On Mars, microbes could hitch a ride on wind-borne dust

Experiments in Chile’s Atacama Desert point to a potential method of transportation for microbes on Mars—whether they exist there already, or we introduce them.

BY KATHERINE J. WU THURSDAY, AUGUST 22, 2019



Chile's Atacama Desert is one of the driest places in the world, with some areas receiving less than 0.05 inches of rain each year. Image Credit: Jiann Ho, iStock

But if microscopic Martians do exist, they might have an absolutely metal way of traversing the red planet’s inhospitable plains.

Using Chile’s Atacama Desert as a proxy for Mars, a team of researchers has collected data that suggests bacteria, fungi, and other single-celled organisms may hitch rides on wind-borne dust to colonize extreme environments, sometimes from dozens or hundreds of miles away. The study, published today in the journal Scientific Reports, underscores the remarkable ability of single-celled creatures to thrive in some of the world’s harshest habitats. And if the results hold true for Mars, they may give the search for extraterrestrial life something of a second wind.
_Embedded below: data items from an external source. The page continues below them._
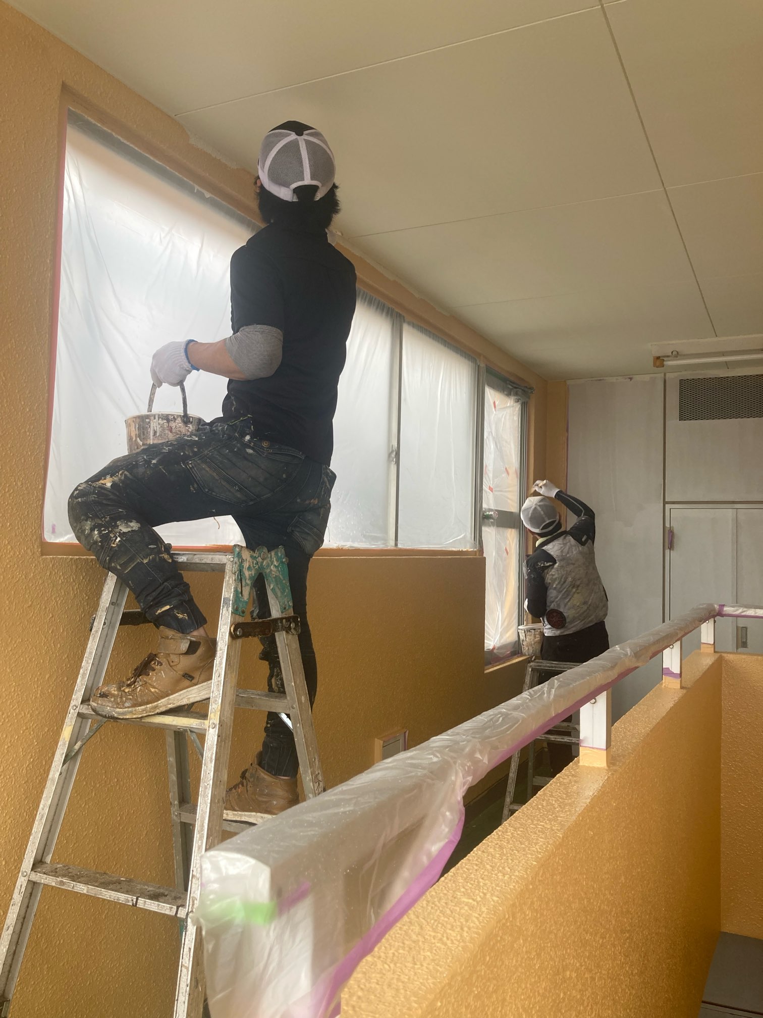 この日もあいにくの雨で職人さんたちは内階段の細かい部分を塗ってくれてました。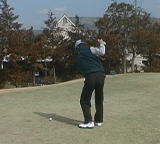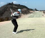 やや膝が大きく動くショットでしたが、フィニッシュは決まっています。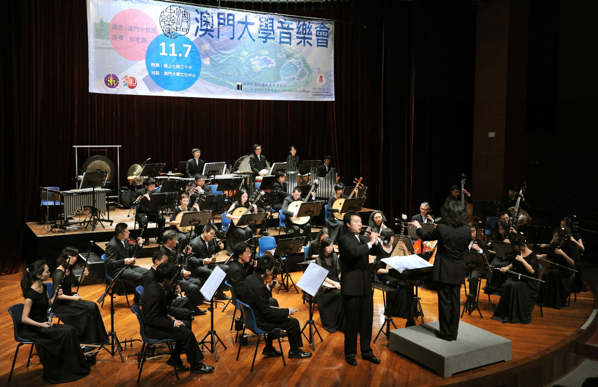 在澳門大學文化中心舉行的音樂會,由澳門中樂團音樂總監兼首席指揮彭家鵬親自執棒並講解。 音樂會開始之前,澳門中樂團總經理周游和澳大學生事務處部門主管林儉華互相致送了紀念品。音樂會演奏了富澳門特色的曲目《中國節慶》,《澳門》、《氹仔》以及葡萄牙民歌如《黑船》、《黑眼睛》、《海之歌》,傳統中國音樂《瑤族舞曲》、《二泉映月》及《黃土情》,廣東特色音樂《步步高》等。參與音樂會的除了本地師生,還包括內地及海外的老師和,不同類型的樂曲使學生進一步了解澳門的多元文化。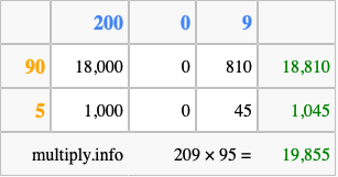 Finally, we add up all the sums we found in step 3 to get our final answer to 209 times 95.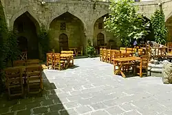 The caravanserai has a square shape and the construction of the building is in an ancient style.[4] There are many balconies around the courtyard. Now the Multani Caravanserai houses a restaurant of Azerbaijani cuisine.[3] In 2020, restoration works were commenced on the site with a completion time of 2022.[5]

Regardless of the status of life on modern Mars, the findings also raise concerns about something far less theoretical: The possibility that hardy foreign microbes, ferried in by spacecraft or astronauts from Earth, could use this dust-surfing strategy to disseminate over the red planet’s surface.

“This is a tantalizing first look at the types of organisms that could be transported on dust by wind…in one of the best known and best studied Mars analogs on Earth,” says NASA Planetary Protection Officer Lisa Pratt, who was not involved in the study. “[That] brings up concerns about contamination, and how we might inadvertently bring terrestrial microbes to another destination.”